RMG wrote:
Not really. Why should we be teaching stuff that isn't true? I first learned about Bohrs in the context of it being an obsolete model of the atom, and learned all about how Columbus wiped out the Arawaks and didn't really discover anything. I can't really remember how Newton was handled, but if it's not true then it shouldn't be taught like it is.
Newtonian physics is usually qualified, because enough high school students know that it breaks down at high speeds that physics teachers get annoyed by the little smart-asses pointing it out year after year. In contrast, the circuit model of electricity is almost never qualified, despite the fact that it breaks down even worse than Newton if certain assumptions about the scale of the physical circuit and the wavelength of the current on it don't hold.

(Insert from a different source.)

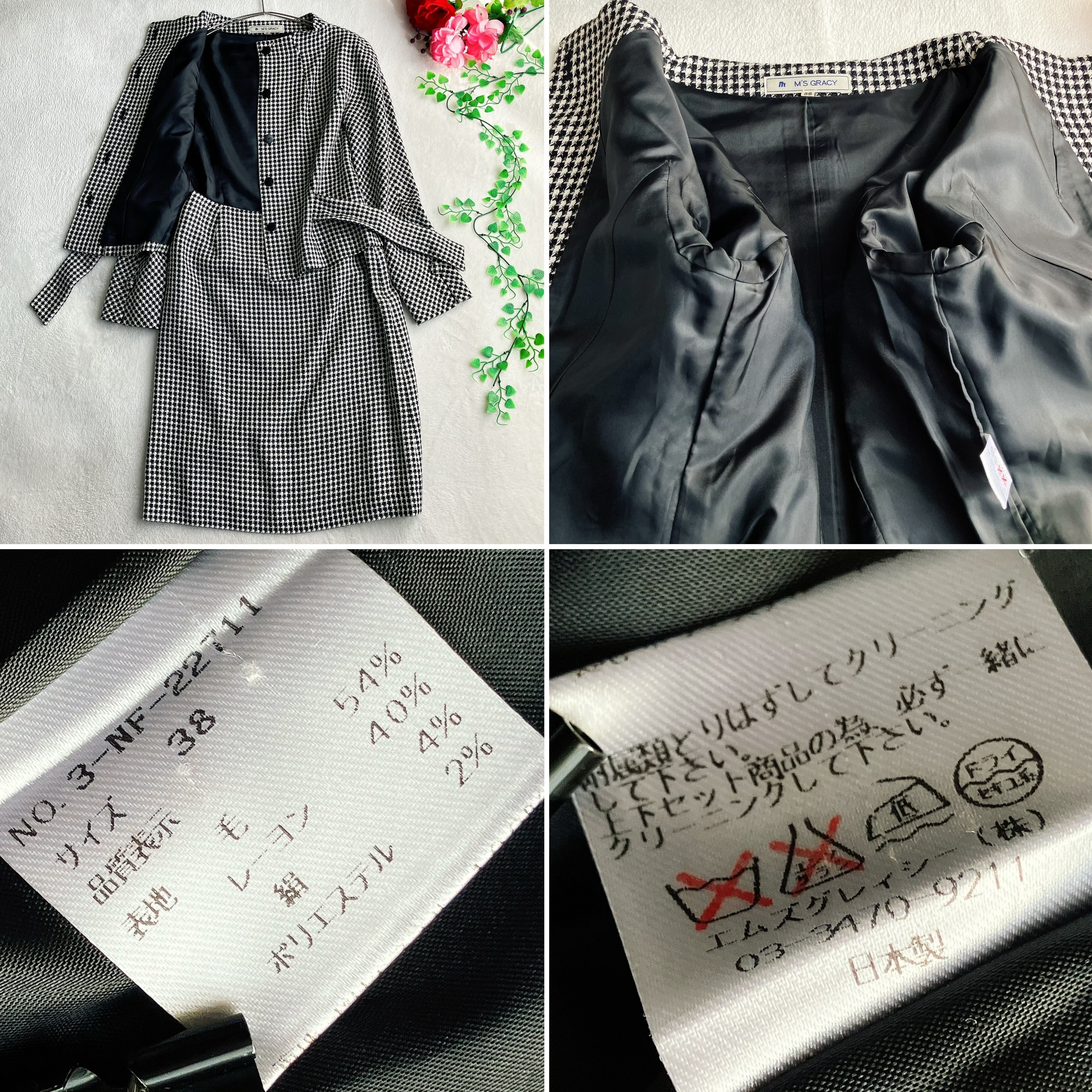 M'S GRACY エムズグレイシー★シルク ウール ツイード ノーカラー スカートスーツ 千鳥格子 比翼ボタン リボン セレモニー ブラック×ホワイト

Truth doesn't enter into science and it never has. All that matters is accuracy, precision, and the assumptions that you operate under.

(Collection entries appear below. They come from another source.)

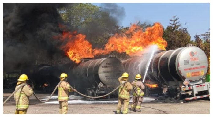 Personal de Protección Civil atendió el incendio provocado por dos pipas de doble remolque, desalojaron a pobladores de sus viviendas por su seguridad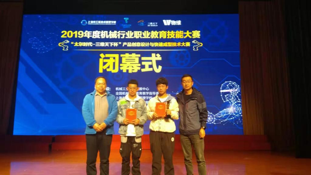 2019年11月13日至17日,由机械工业教育发展中心、全国机械职业教育教学指导委员会主办的“2019年度机械行业职业教育技能大赛 ‘太尔时代--三维天下杯’产品创意设计与快速成型技术赛项”在上海市工程技术管理学校隆重举行。来自全国56所院校的79支队伍参加了比赛,经过激励的角逐,其中有5支队伍获得一等奖,我校孙翀翔领队,高显宏,赵萍任指导教师,代僮一,张鹤松组队,夺得比赛团队一等奖,高显宏,赵萍获得大赛执委会颁发的优秀指导教师奖。
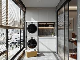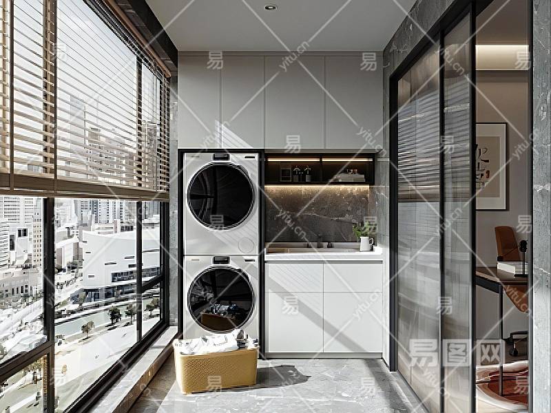 现代生活阳台洗衣机洗衣机柜长虹玻璃百叶帘SU模型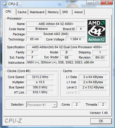 | Процессор (ядро) | AMD Athlon X2 (Brisbane) |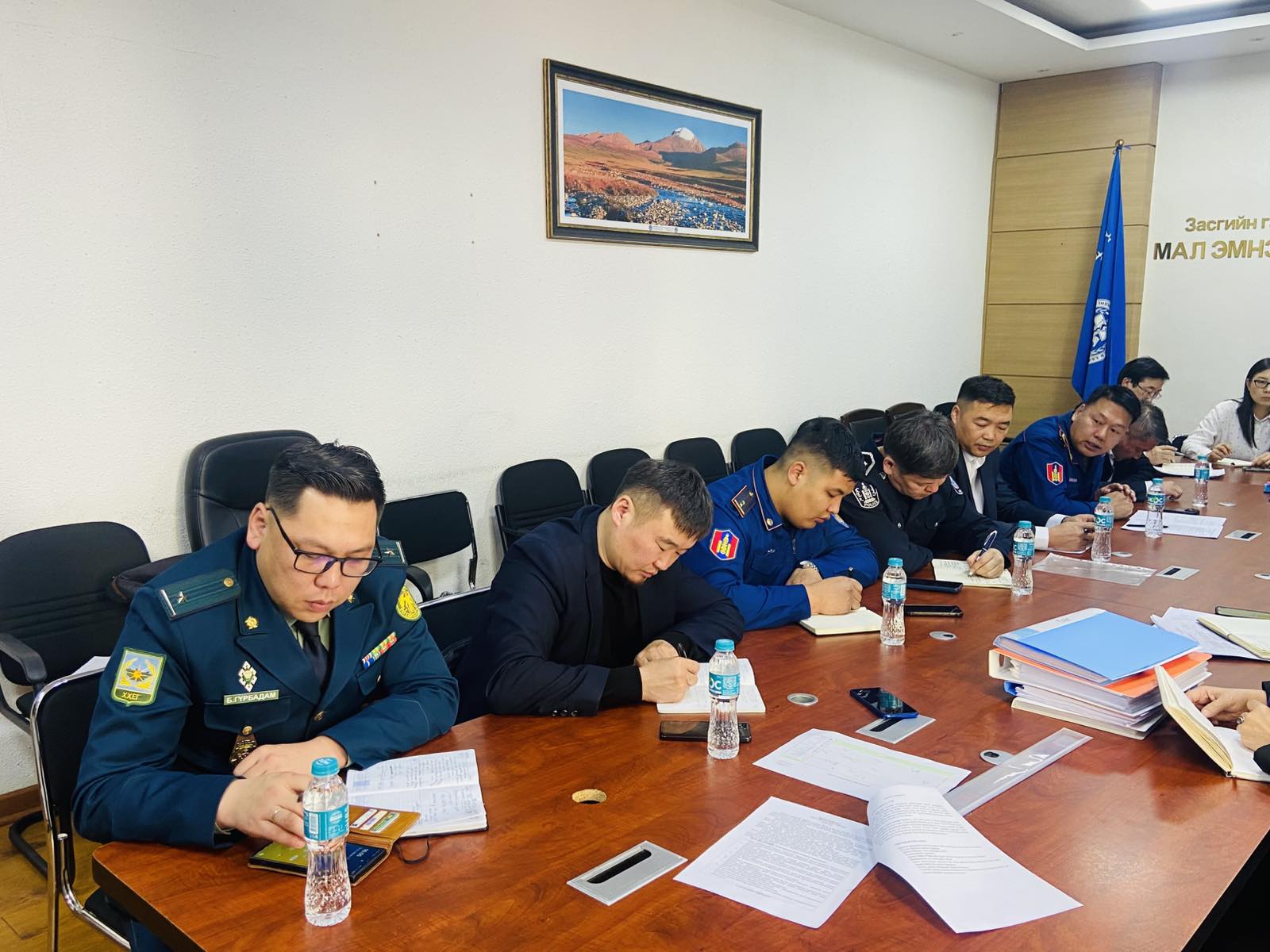 Энэ хүрээнд тус сургуулийн штабын дарга, ОБЕГ-ын Ажиллагааны удирдлагын газрын хэлтсийн дарга, хурандаа Б.Мягмардорж, ажлын хэсгийн гишүүд, БОУАӨЯ, ТЕГ, ЦЕГ, ХХЕГ-ын төлөөллүүд өнөөдөр Мал эмнэлгийн ерөнхий газарт ажиллалаа.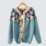 Keysha – Květinový cardigan spojuje měkkost, styl a nádech hravosti do jednoho krásně pleteného kousku oděvu. Cardigan má jemný květinový vzor v odstínech levandule a smetany, což dodává outfitu jemné půvabnosti. Měkký, texturovaný povrch a dřevěné knoflíky dělají z tohoto kousku takový, který se cítí jako teplé objetí – přesně s dostatečným množstvím osobnosti. Ideální pro vrstvení přes základní kousky nebo pro přidání barvy k neutrálnímu outfitu, Keysha je navržena tak, aby se bez námahy vyjímat. Květinový vzor dýchá přírodním nádechem a ženskostí, což z ní dělá ideální volbu pro ty, kteří chtějí do svého stylu přidat jemnější tóny.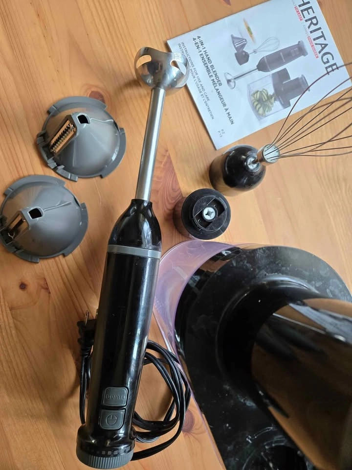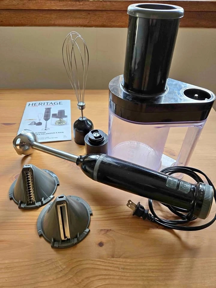 Meal prep made simple! This Heritage 4-in-1 hand blender set gives you everything you need in one compact package: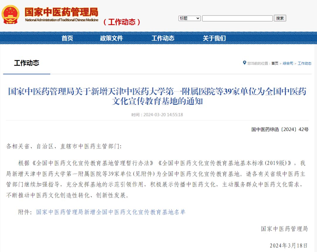 近日,国家中医药管理局下发《关于新增天津中医药大学第一附属医院等39家单位为全国中医药文化宣传教育基地的通知》文件,潼南区中医院获国家中医药管理局批准,成为全国中医药文化宣传教育基地。

The point I think needs to be made is ONLY MATHEMATICIANS DEAL WITH TRUTH. Everyone else, at some point, makes an engineering approximation and applies a set of assumptions. Scientists sit the borderline between mathematics and engineering with respect to falsifiability and proof. Experiments take place in the real world and must be conducted using the best models available. Statistics are gathered and correlations are drawn. Strong correlation and/or agreement with the tested model support the model, which then may be used as an assumption in future experiments.
Statistical correlation is not causation.
Statistical correlation is not proof of anything.
Statistical correlation is a metric that computes the distance between two or more vectors.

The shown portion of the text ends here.